Primero fui a la farmacia y me compré lo esenciaclass="underline" maquinilla de afeitar, cepillo de dientes, etc. También intenté comprar algún somnífero, pero la dependiente no me los quiso vender sin receta. Después logré dar con los almacenes donde me habían vendido el sombrero. Estaban a punto de cerrar, me compré unos pares de calcetines y ropa interior, tres camisas de nylon, un impermeable de plástico y una maletita también de plástico. Al salir, añadí un horrible radio reloj a la colección. No tuve tiempo de encontrar una librería. De vuelta al café, mientras esperaba a Lucía, me compré cigarrillos.
A aquella hora llovía copiosamente y pronto resultó imposible ver nada a través de las vidrieras que cerraban la terraza del café. Abandoné el local y me metí en el portal de un edificio de oficinas que había al lado. Lucía llegó un minuto o dos después de la hora prevista. Yo tiré la maleta en el asiento trasero y me senté a su lado.

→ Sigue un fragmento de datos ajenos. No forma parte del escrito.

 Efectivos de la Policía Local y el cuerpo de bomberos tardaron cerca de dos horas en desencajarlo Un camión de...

– ¿Dónde está el garaje? -me preguntó.
Se lo dije.
– ¿No sería mejor dejar el coche allí? -preguntó-. Yo conozco un supermercado que está abierto hasta muy tarde. Podría comprar otras provisiones allí.
– No. Yo no pienso así. Quiero devolver el coche a los dueños. Está alquilado a nombre de Mathis, y Bob Parsons sabe que ese soy yo. Podría crearme problemas con la policía si alguien denuncia su desaparición. Prefiero devolverlo mientras puedo.
– Sí, me parece bien.
Le indiqué la dirección del garaje y ella se detuvo frente a la entrada del mismo. Yo saqué el Renault y ella vino detrás. Poco antes de llegar al garaje de la casa propietaria, me detuve y trasladamos los paquetes de comida al Citroën. Ella me esperó a que devolviese el coche y recobrase mi depósito. Minutos más tarde estábamos en la Moyenne Corniche en dirección al Este.

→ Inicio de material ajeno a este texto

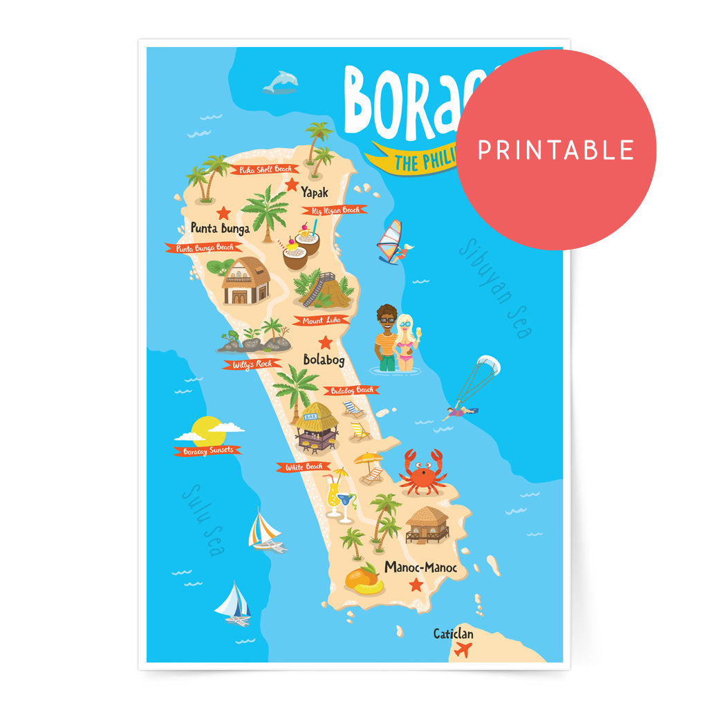 Boracay Illustrated Map Printable Wall Art Poster – Pinspired Art

Casi no hablamos. Yo le pregunté si el teléfono de la casa de Beaulieu estaba conectado y ella me dijo que sí. Aparentemente, Adela Sanger siempre lo dejaba todo listo para uso inmediato en sus casas; había descubierto que era más práctico hacerlo así.
Lucía había llevado ropa de cama, toallas, y un poco de pan. Tan pronto como abrió la puerta de la casa, yo empecé a llevar las cosas que había en el coche. La lluvia, la oscuridad y los escalones me hacían ir lento. Cuando terminé, ella ya tenía un fuego encendido en la chimenea.
– En un momento -me dijo-, prepararé algo de comer, una tortilla quizá.
Mi sorpresa fue demasiado evidente y no le pasó desapercibida. Ella arqueó las cejas.
– ¿Creía que le iba a dejar en medio de todo este lío y largarme directamente a Cagnes?
Eso era precisamente lo que yo había pensado que haría.
– Pensaba si alguien se fijaría en el coche que está afuera -dije.